Medical Advice From a Bot: The Unproven Promise of Babylon Health
Hamish Fraser first encountered Babylon Health in 2017 when he and a colleague helped test the accuracy of several artificial intelligence-powered symptom checkers, meant to offer medical advice for anyone with a smartphone, for Wired U.K. Among the competitors, Babylon’s symptom checker performed worst in identifying common illnesses, including asthma and shingles. Fraser, then a health informatics expert at the University of Leeds in England, figured that the company would need to vastly improve to stick around.
“At that point I had no prejudice or knowledge of any of them, so I had no axe to grind, and I thought ‘Oh that’s not really good,’” says Fraser, now at Brown University. “I thought they would disappear, right? How wrong I was.”

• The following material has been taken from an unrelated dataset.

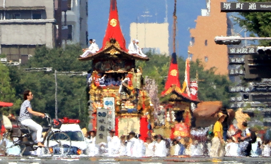 Those who were not beaten by the high temperatures could enjoy the characteristic parade, in which the procession of yamaboko are famously turned around street corners and pulled through the Gion district of Kyoto by a team of float attendees.
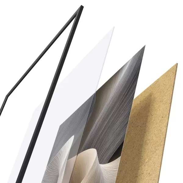 Plakat składa się z ramy, pleksi, wydrukowanego obrazu i podkładu z płyty wiórowej. Plakat można natychmiast zawiesić na ścianie dzięki uchwytom z tyłu.

Much has changed since the Wired U.K. article came out. Since early 2018, the London-based Babylon Health has grown from just 300 employees to approximately 1,500. The company has a valuation of more than $2 billion and says it wants to “put an affordable and accessible health service in the hands of every person on earth.” In England, Babylon operates the fifth-largest practice under the country’s mostly government-funded National Health Service, allowing patients near London and Birmingham to video chat with doctors or be seen in a clinic if necessary. The company claims to have processed 700,000 digital consultations between patients and physicians, with plans to offer services in other U.K. cities in the future.
“I thought they would disappear, right? How wrong I was.”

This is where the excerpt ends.